Agentic AI in B2B: Designing Autonomous Systems that Reduce L1/L2 Support Costs

Moving Beyond Simple Chatbots to Autonomous Agents
For years, AI in customer support meant simple, scripted chatbots handling basic FAQs. Agentic AI represents a paradigm shift: these autonomous systems are designed to perform multi-step, complex tasks by planning, executing, and refining their approach—just like a human support engineer.
The High Cost of Traditional L1/L2 Support
In B2B environments, support complexity is high. Level 1 (L1) issues often require knowledge retrieval across multiple databases, and Level 2 (L2) issues need systems checks and ticket routing. This overhead is often the largest operational cost center for SaaS and enterprise software providers.
- L1 issues consume 60-70% of support staff time.
- L2 escalation introduces latency and manual investigation.
- Agent salaries and specialized training create high fixed costs.

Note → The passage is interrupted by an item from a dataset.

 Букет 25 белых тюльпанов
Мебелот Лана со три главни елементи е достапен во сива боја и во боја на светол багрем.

How Agentic Systems Drive Cost Reduction
An Agentic AI system acts as a smart dispatcher and resolver. It takes an incoming support request and can execute a sequence of actions: checking API status, searching internal wikis, querying a database for user details, and even drafting a resolution or a highly categorized ticket for human review.

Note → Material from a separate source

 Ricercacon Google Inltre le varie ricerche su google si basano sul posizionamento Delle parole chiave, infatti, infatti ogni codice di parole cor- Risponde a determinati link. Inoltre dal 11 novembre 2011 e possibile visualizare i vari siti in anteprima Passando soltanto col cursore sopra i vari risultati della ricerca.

“By automating the repetitive, high-volume investigative tasks of L1 and L2 support, Agentic AI shifts human engineers to complex problem-solving, maximizing their value.”
Building Your B2B AI Agent
The successful implementation requires access to proprietary data via APIs (using Retrieval-Augmented Generation or RAG) and careful definition of the agent's 'tools' (pre-approved functions it can call, like 'check_user_status' or 'reset_password').